Corcoran will present the report, which details how the small liberal-arts school has worked to carry out eight goals it set last year, during a meeting Tuesday of the Budget and Finance Committee of the university system’s Board of Governors.

New College trustees in August laid out eight initiatives “to implement by March 2024 in order to improve first-to-second year student retention and post-graduation outcomes.” The initiatives included benchmarks such as goals of issuing $400,000 in scholarships to at least 200 students, as the school has looked to pump up enrollment.

Corcoran and the trustees during the past year have sought to make major changes to the school, which had fewer than 700 students in 2022. Gov. Ron DeSantis drew national attention when he revamped the Board of Trustees by appointing conservative allies.

Getting the university system Board of Governors to sign off on the report, which says New College has “fully implemented” seven of the eight initiatives, would authorize the release of $1,099,013 to the school. But that would account for only a portion of nearly $4.2 million in state performance-based funding that could have been available to New College.

Performance-based funding is earned by schools achieving scores based on various factors, including graduation rates, degrees awarded in areas of “strategic emphasis” designated by university system officials and percentages of graduates with bachelor’s degrees who are employed.

“New College of Florida’s score for 2023 was 65 points. If NCF had scored 70 points or higher, they would have been eligible for $4,198,026,” a document in the Board of Governors agenda said.

Based on the school’s score, New College was eligible to receive only about half of the $4.2 million. It was given just shy of $1.1 million in September for initially presenting its student success plan.

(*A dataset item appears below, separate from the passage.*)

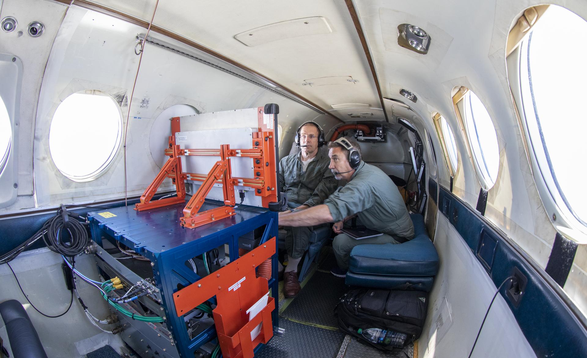 Testing the External Vision System (XVS) software on the B200 King Air. Pilots, Peter Coen and Wayne Ringelberg attempt to spot an incoming aircraft on the XVS monitor.

Receiving the second similar amount is contingent on the Board of Governors deeming that the report “demonstrates satisfactory progress” on the goals New College has set out.

The report details New College providing $438,940 in “internship scholarships” to 223 students entering the school at the beginning of the academic year.

“Students receiving these scholarships are required to complete an internship prior to graduation. These scholarships remove barriers to participation in work-based learning experiences and advance us toward our goal for 100% of students to complete an academic internship prior to graduation,” a description of the initiative said.

The report also touted the creation of master’s degrees in marine mammal science and educational leadership. The school also says it has “fully implemented” a goal of providing “24/7 on-demand, no-cost access to professional tutors” through an online service called Knack.

“This complements the in-person one-on-one and group tutoring sessions our students can schedule through our Academic Services one-stop shop,” the university reported.

One goal that New College set but doesn’t expect to complete until May is hiring six academic coaches.

“Results of this initiative will be apparent next year, as incoming students will be assigned academic coaches (on top of faculty advisors and career coaches),” the New College report said.

Separate from the performance-based funding, New College is in line to receive tens of millions of dollars appropriated by lawmakers in the budget for the upcoming 2024-2025 fiscal year.

The Legislature earmarked $2 million that is intended, in part, to help New College hire academic coaches. The proposed budget still needs approval from DeSantis, and it includes some strings for New College to receive the money.

As an example, a $15 million pot of money for New College includes the funds for academic coaches and a proposed $10 million for temporary student housing. Receipt of the $15 million is contingent on the school submitting a detailed business plan to the Board of Governors that “describes the institution’s long-term student enrollment goals and how it will use the funding provided by the state to achieve these goals.”

The Legislature also earmarked $10 million for “operational enhancements” at the school, with Corcoran and the school’s Board of Trustees given discretion on the way the money would be spent. But $5 million of that money would have to go toward providing scholarships to students.